TASK DESCRIPTION: The answer must consist only of the lines from the line with "Synspec produces 5" to the line with "補強部材13は、Z方向に厚み", both included, exactly as they stand below.

DATASET:
______

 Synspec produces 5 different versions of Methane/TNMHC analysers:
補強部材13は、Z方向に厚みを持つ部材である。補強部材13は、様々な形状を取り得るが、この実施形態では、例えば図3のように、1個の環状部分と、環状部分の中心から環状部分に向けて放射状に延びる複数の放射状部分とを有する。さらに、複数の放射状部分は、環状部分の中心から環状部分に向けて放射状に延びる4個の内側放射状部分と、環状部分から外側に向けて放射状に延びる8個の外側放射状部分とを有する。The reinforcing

______

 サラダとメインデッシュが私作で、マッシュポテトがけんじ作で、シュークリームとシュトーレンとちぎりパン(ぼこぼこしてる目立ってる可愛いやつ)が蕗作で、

______

SOLUTION:
 Synspec produces 5 different versions of Methane/TNMHC analysers:
補強部材13は、Z方向に厚みを持つ部材である。補強部材13は、様々な形状を取り得るが、この実施形態では、例えば図3のように、1個の環状部分と、環状部分の中心から環状部分に向けて放射状に延びる複数の放射状部分とを有する。さらに、複数の放射状部分は、環状部分の中心から環状部分に向けて放射状に延びる4個の内側放射状部分と、環状部分から外側に向けて放射状に延びる8個の外側放射状部分とを有する。The reinforcing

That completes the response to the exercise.